Thursday, February 27, 2014

Star Trek

When I was a kid, I thought I liked science fiction. Then I tried reading it. I realized that I just liked movies where people wore strange clothes and killed each other with futuristic weapons. I began to lose interest in movies like that when I realize that, in any armed conflict, I would almost certainly be killed immediately.

I only watched one episode of Star Trek the Next Generation. The plot involved a teenager in a weird, tight-fitting uniform who had a new girlfriend. He got dating advice from Whoopie Goldberg.

"This is terrible. Why are they friends with the Klingons? Where are the Ju-Jitsu fights? Where are their phasers? Why are there children there?"

I can't believe how popular that crap was.

The old Star Trek was all Oedipal. People were always challenging Captain Kirk for control. I liked the episode where he changed bodies with a woman.

The Emmy Award winning episode, "City on the Edge of Forever"-----Dr McCoy goes back in time and screws up history. Captain Kirk and Mr Spock have to go back in time after him. It seems Dr McCoy saved Joan Collins from getting run over by a car in the 1930s. She's a pacifist. She runs for office and somehow keeps the U.S. out of World War Two.

"Millions will die who did not die before," Mr Spock says.
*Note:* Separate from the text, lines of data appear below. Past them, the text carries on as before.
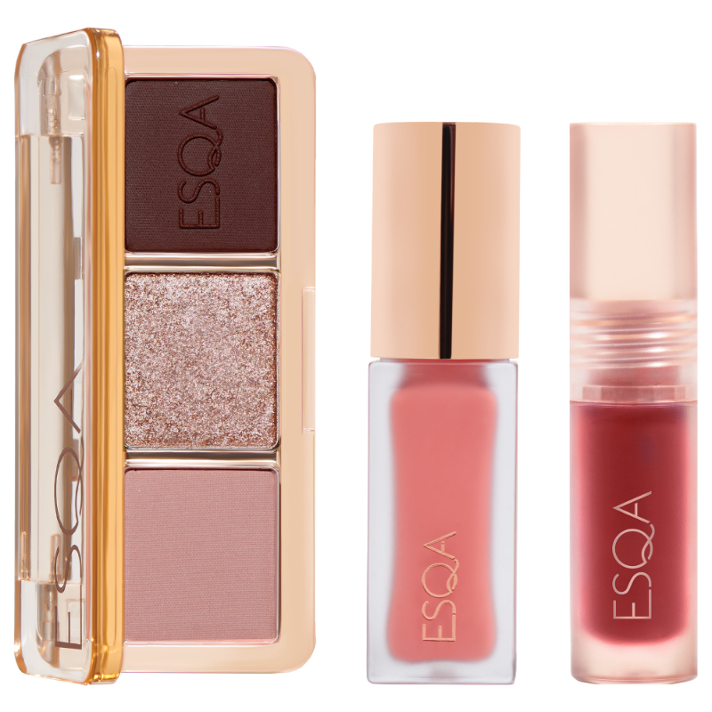 ESQA Festive Wonder | Make Up Kit 3 in 1 ( Glaze Eyeshadow Trio , Wonder Crush Serum Liquid Blush , Slick Drip Serum Tint )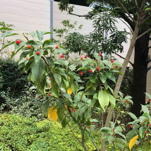 千両だと思います💦 京都 地主神社で撮影 千両って赤い実しかないと思ってました 黄色も可愛いね🎵 撮影/28mm単焦点コンデジ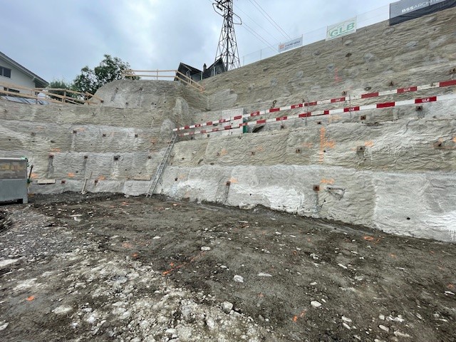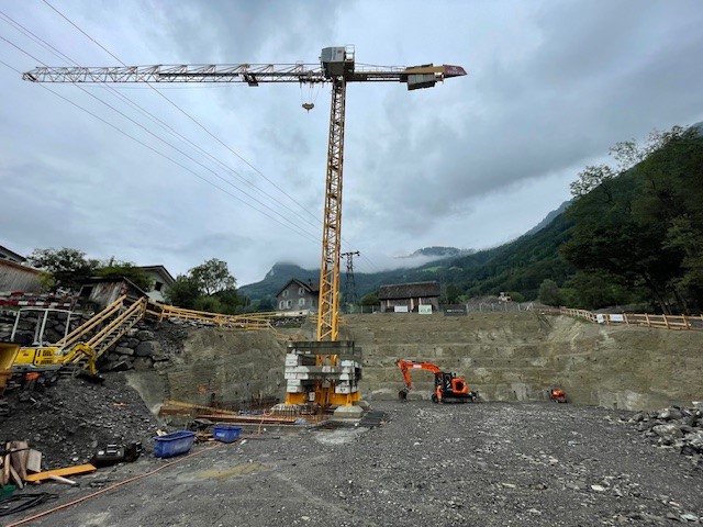 Die Baugrube im Hang unter der Seilbahn Attinghausen-Brüsti ist fertiggestellt, und der Startschuss für die Bodenplatte steht bevor.
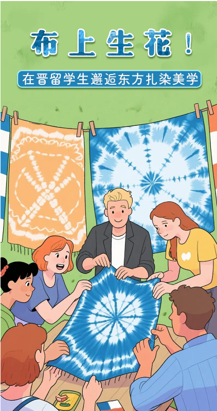 國際青年們認真聆聽扎染的歷史淵源與工藝精髓,并通過分步演示,親自體驗“絞纈”技法。留學(xué)生們在素色方巾上折疊、捆扎、浸染,創(chuàng)作出各具特色的紋樣。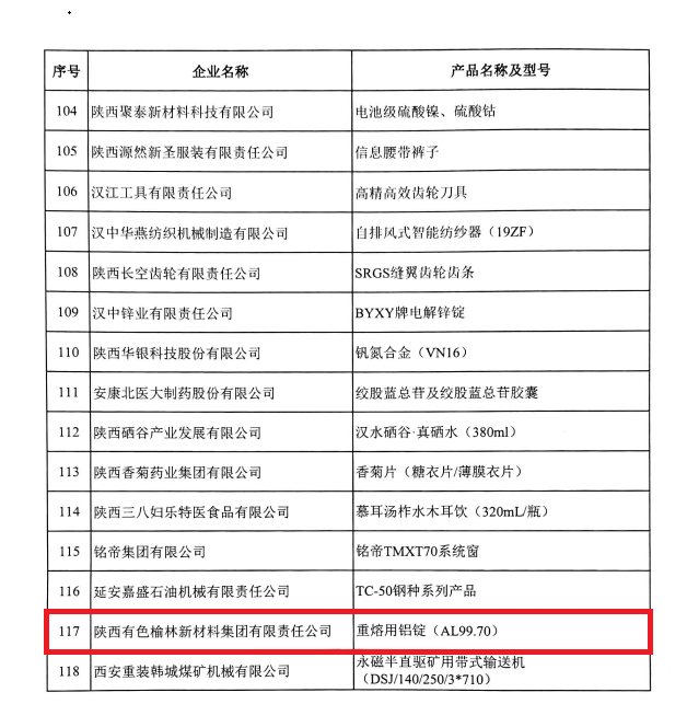 近日,陜西省工業和信息化廳公布了第二批“陜西工業精品”名單,榆林新材料集團產品重熔用鋁錠(AL99.70)榜上有名。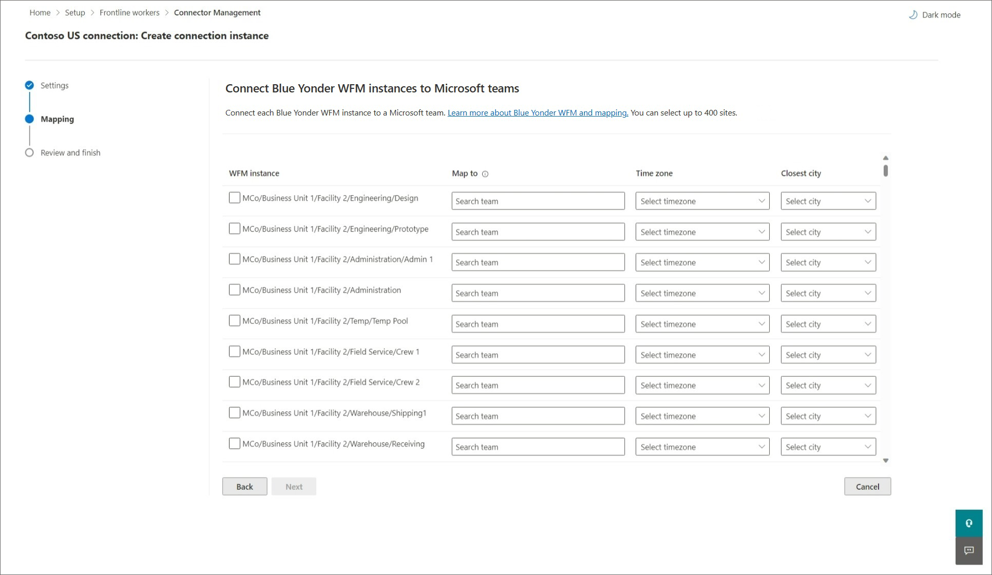 Shifts に接続する WFM インスタンスを選択し、各インスタンスを Teams のチームにマップします。 最大 400 個のインスタンスをマップできます。

Although, how did he know? Would an entirely non-violent response have been any worse? Tens of millions of people died in World War Two as it was. Maybe millions of different people would die but the overall death toll would be about the same.

I don't know how a pacifist could have kept the US out of the war anyway. Japan and Germany each declared war on the United States, not the other way around. There were people calling for the US to enter the war and people who opposed it before then, but ultimately, it was Pearl Harbor and the German's inexplicably declaring war that did it.

Germany lost the war at Stalingrad. Their fate was sealed when the Soviets packed their factories onto railroad cars and moved them east, out of their reach. The US and Britain spent most of the war trying to re-establish Britain's control over their empire rather than defeat the Nazis.

The U.S. role in the Pacific was another matter.